ESCRS - FP11.12 - Drug-Repository Contact Lens For Prolonging The Antimicrobial- Cornea Interaction For Bacterial Keratitis Treatment: Randomized Controlled Trial Results

Drug-Repository Contact Lens For Prolonging The Antimicrobial- Cornea Interaction For Bacterial Keratitis Treatment: Randomized Controlled Trial Results

Published 2024 - 42nd Congress of the ESCRS

Reference: FP11.12 | Type: Free paper | DOI: 10.82333/bp3v-2990

Authors: Lional Raj Daniel Raj Ponniah* 1

1Department of Cornea,Dr. Agarwal's Eye Hospital,Tirunelveli,India

Purpose

Microbial keratitis can cause unilateral blindness, but the drug delivery treatment options are poor. Therefore, this study evaluated the efficacy of a novel therapeutic drug-depository contact lens (DDCL) for bacterial keratitis (BK) treatment. The lens was designed to increase the corneal lesion-antimicrobial drug interaction time.

Setting

An open-labelled randomized controlled study to compare topical antimicrobial administration and antimicrobial administration with DDCLs for treating BK. The study was conducted at the Cornea and Ocular Surface Diseases Clinic at a Tertiary Eye Hospital and Research Institute in Tirunelveli, South India.

Methods

Bacterial Keratitis (BK) patients were randomized (1:1) into two groups: topical antimicrobial treatment only (Group 1) and DDCL plus antimicrobial treatment (Group 2).
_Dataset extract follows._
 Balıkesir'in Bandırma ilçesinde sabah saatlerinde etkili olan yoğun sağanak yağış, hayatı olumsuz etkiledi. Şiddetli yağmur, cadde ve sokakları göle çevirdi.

Both groups received 0.5 % moxifloxacin. We evaluated BK recovery, anterior chamber (AC) reactions, corneal haze and
pain (on a 10-point scale) 12 hours and 1, 3, 5, and 14 days after treatment.

Results

The baseline corneal-infiltration (i.e., BK severity) values were comparable for Groups 1 (18 cases) and 2 (17 cases) (P = 0.92). After 12 hours, the scores improved in both groups and continued to improve throughout the follow-up period; the improvements were more pronounced in Group 2 than in Group 1 (all P <0.05). Complete recovery occurred on Days 14 and 5 in Groups 1 and 2, respectively. Furthermore, the AC reaction was resolved by Day 3 in Group 2. The baseline pain scores were also comparable between Groups 1 and 2 (P = 0.52) and decreased throughout the follow-up period (all P <0.05); the decrease was more pronounced in Group 2.

Conclusions

Novel DDCLs augment the drug-lesion interaction time by prolonging corneal antimicrobial availability, which hastens corneal healing in BK. Thus, a DDCL may decrease the antibiotic regimen and improve patient tolerance, eliminating the necessity for a loading dose.